If we can accept that pharmas, while truly risky, are indeed much more potent, then it follows that in order to introduce 10x the amount of estriol contained in PM, compared to an equivalent dose of estrogen, one would have to consume an enormous amount of PM? I can see no real reason to consider this mix. If, indeed anyone is, I would say, for the money you would spend on PM alone, you could buy 5x as much pharmas, (or more), and be set for a long time. My reasoning could be wrong, though, as I try to keep things simple.

[chrishoney]

To the best of my knowledge, PM does not contain estriol. So I don't see how the paper applies to deoxymiroestrol or miroestrol at all.

[PattiJT]

Good point. Had I known that, I could have saved the response. That's what I get for being to simple. Oh well.

[AbiDrew85]

Miroestrol/deoxymiroestrol are NOT neither one estriol. I said this last time you said they were, and I apparently need to say it again.
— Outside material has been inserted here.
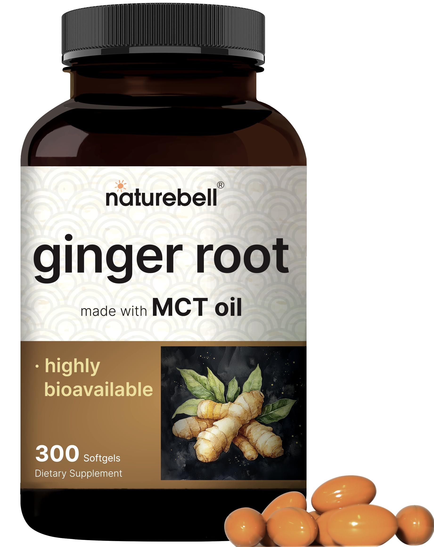Authentic non-GMO ginger supplement. Contains pure ingredients free of wheat, soy, dairy, gluten, and eggs. All products are 3rd party lab tested for safety and potency. Contains natural gingerol compounds and offers additional support for joint comfort and immune wellness thanks to its powerful antioxidant profile. A natural herbal supplement traditionally used to support daily digestion for an upset stomach, ease occasional bloating, and promote comfort during travel when motion sickness occurs. 300 softgels per bottle with a 2-softgel serving size, providing a 150-day supply of potent herbal support for convenient long-lasting use. Max strength ginger root softgel formula that features a highly concentrated 20:1 root extract of traditional Zingiber Officinale, equivalent to a 6,000mg serving, and infused with MCT oil from coconut for efficient absorption.

They have been compared against BOTH estradiol AND estriol and are not a perfect match to either, but fit somewhere between.

What exactly this means has not been adequately studied.

HOWEVER. There does exist two different estrogen receptors and it is my theory and belief that when mixing phyto and pharma you will hit the two receptors more evenly than using only one.

You DON'T want to use ANYWHERE near as much PM as your body should produce of estriol from breaking down the estrogens you give it. And btw, that's a key point: your body should produce plenty sufficient estriol on its own given large doses of estradiol. PM... Probably won't. Remember, it's already somewhere between estradiol and estriol, so it probably won't even react to the same stuff in the same way as estradiol to become estriol. It might react to something else in some other way to become yet something else. And that yet something else MIGHT be another estrogen... but estriol? Probably not. More likely something sooo weak as to be useless.